More broadly, our results offer alternative accounts for addiction and the possibility of individually tailored psychiatric interventions (fig. S17). While initial phases of addiction (53) involve excessive dopamine release at the time of drug consumption (54), later phases involve intense craving. Our model implies that people boost anticipation utility when a likelihood of drug administration increases (e.g., when purchasing drugs). People may feel greater value from obtaining drugs (which can act as a kind of conditioned stimuli) than from administering them, because the former includes utilities associated with an anticipation of future administration. Our model predicts that people with certain parameter values (e.g., large boosting coefficients) could repeatedly overboost the value of anticipating drugs, resulting in excessive, pathological, drug-seeking (see Eq. 10). Although the learning process leading to pathological behavior may be very slow in a natural world, by fitting our model to participants performing the task used here, we can, in principle, link an individuals tendency toward addiction with a unique cause of this disorder (e.g., excessive boosting or imbalance between anticipation and discounting). This, in turn, can suggest interventions tailored to individual patients, such as cognitive behavioral therapy focusing on controlling anxiety and craving (55), as well as possible dopaminergic antagonists to control boosting.

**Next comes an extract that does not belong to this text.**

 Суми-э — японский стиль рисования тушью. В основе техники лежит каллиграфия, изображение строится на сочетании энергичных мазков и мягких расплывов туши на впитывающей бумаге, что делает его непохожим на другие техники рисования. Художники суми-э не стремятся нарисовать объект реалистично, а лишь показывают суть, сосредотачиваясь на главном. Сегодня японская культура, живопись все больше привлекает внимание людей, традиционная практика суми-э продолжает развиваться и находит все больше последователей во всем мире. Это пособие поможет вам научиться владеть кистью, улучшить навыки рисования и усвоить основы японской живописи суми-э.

Our study is relevant also for unifying separate notions concerning gambling: preference for risk and time delay (the latter is called time preference in behavioral economics). While these two economic phenomena have often been treated separately, there is increasing evidence in favor of an interactive relationship [e.g., (56)]. Our computational model of anticipation explicitly offers an interaction between risk (prediction error) and delay (anticipation) because the former can enhance the value of the latter. This interaction creates well-documented effects, such as nonlinear coding of probabilities of anticipated rewards (57). It would be interesting to test our models predictions as to how pharmacological manipulations (e.g., on dopamine) affect risk and time (delay) preference, where dopamine is likely to be heavily involved in computing aRPE. Further studies may allow us to design a behavioral task for psychiatric interventions, in which patients can lessen their preference for addictive substances, or even their risk preference in general, because our model can find the optimal task parameters for each individual to achieve this goal.

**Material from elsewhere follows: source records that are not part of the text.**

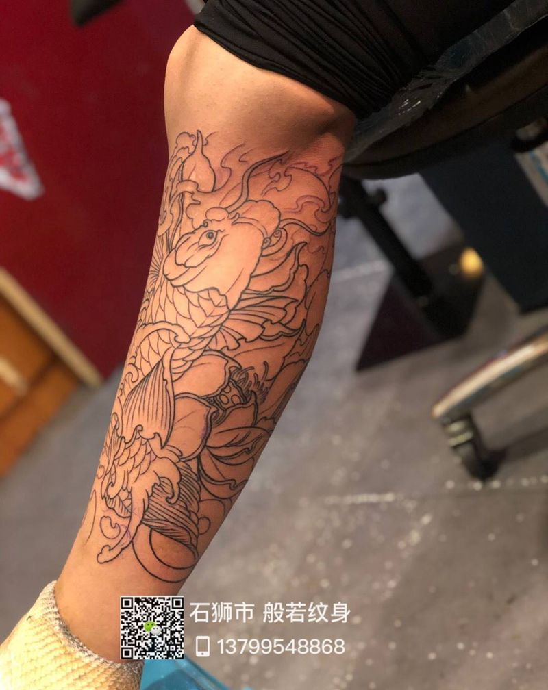 当前位置: 首页 >福建省泉州市纹身店-般若纹身纹身图案>鲤鱼线条纹身图片
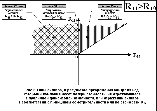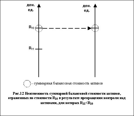 Вместе с тем, прекращая контроль над активами, для которых экономическое решение о продолжении контроля предпочтительнее экономического решения о прекращении контроля (Ri11>Ri10), компания фактически несет потери стоимости на величину ∆=Ri11-Ri10. Так как прекращение контроля над активами, отраженными в соответствии с принципом осмотрительности, по отношению к которым Ri11>Ri10 (см.рис.6), не приводит к изменению суммарной балансовой стоимости активов, то указанные потери стоимости, которые несет компания в результате прекращения контроля над данными активами, не отражаются в публичной финансовой отчетности компании.
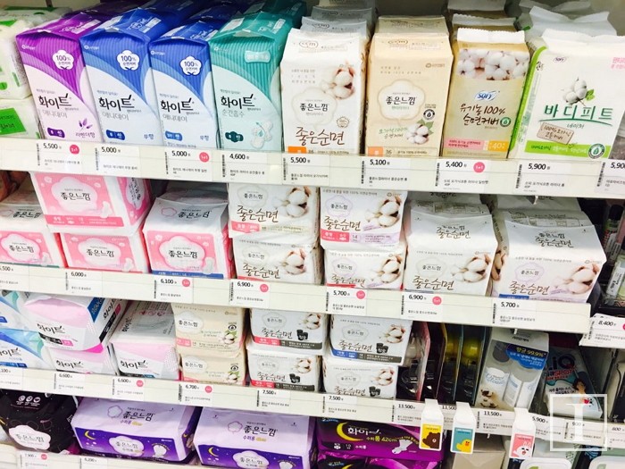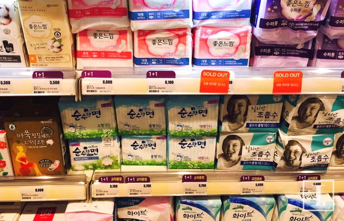 이번 행사는 이날까지 진행되며 오는 1일부터 가격이 인상되는 유한킴벌리 제품인 '좋은 느낌'과 '화이트', 소피 제품인 '바디피트', 릴리안 '순수한 면' 등의 다양한 생리대로 구성됐다.

We found that the hippocampus was involved in value computation arising from reward anticipation, through its coupling with the VTA/SN and the vmPFC. Both hippocampus-VTA/SN and hippocampus-(v)mPFC couplings have been extensively reported previously in animal studies as well as in some human studies [e.g., (16, 17, 20, 45)]. In rodents, hippocampus-PFC coupling has been shown to be gated by neurons in the VTA (16). Oscillatory synchronization has also been reported in the PFC-VTA-hippocampus axis in rodents performing a working memory task. Our finding is consistent with a previous observation in humans showing that activity in VTA influences the baseline activity in posterior hippocampus (45). The posterior hippocampus, which we report in our PPI analysis, has also been linked to future simulation that we think likely relates to our models anticipation utility computation. Our functional connectivity analyses suggest that an aRPE signal encoded in the VTA/SN affects a functional coupling between the hippocampus and the vmPFC, which encode the enhancement of the utility of anticipation; this can be tested in future studies involving pharmacological manipulations (e.g., on dopamine). Because the hippocampus has a rich anatomical structure, further studies will illuminate how different parts of the hippocampus contribute to value computation arising from reward anticipation.

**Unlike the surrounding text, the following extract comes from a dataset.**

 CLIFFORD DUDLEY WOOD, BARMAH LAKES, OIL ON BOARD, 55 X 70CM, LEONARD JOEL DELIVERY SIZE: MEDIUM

Neuroeconomic studies show that people make decisions between goods in different categories, by expressing the value of those goods in a so-called common currency primarily encoded in the vmPFC. Here, we found that the utility of anticipation is expressed in the vmPFC [please also see (7)]. This invites an alternative interpretation of previously reported ramping activity in the vmPFC while waiting for rewards [e.g., (58)] in terms of an anticipation-sensitive value signal, which has been interpreted as a reward-timing signal.

An alternative interpretation of our behavioral results is that participants do not like uncertainty. However, a previous study using the same task with aversive outcomes has shown that people avoid advanced information when the outcomes are aversive (49), while another study has also shown that a preference for advanced information is valence dependent (24). These findings are consistent with our models predictions but contradict simple uncertainty avoidance. In our model, advanced information can boost negative anticipation for an aversive outcome [i.e., dread (2, 26)], leading to an avoidance of (negative) advanced information. Further studies will illuminate how advanced information modulates dread in the brain, possibly through hippocampal coding of a sustained signal during a waiting period for no reward (fig. S14; note: people assigned negative value to no reward in our task, confirmed by our model fitting and self-reports), and may suggest that a similar circuit presented here is involved in this computation.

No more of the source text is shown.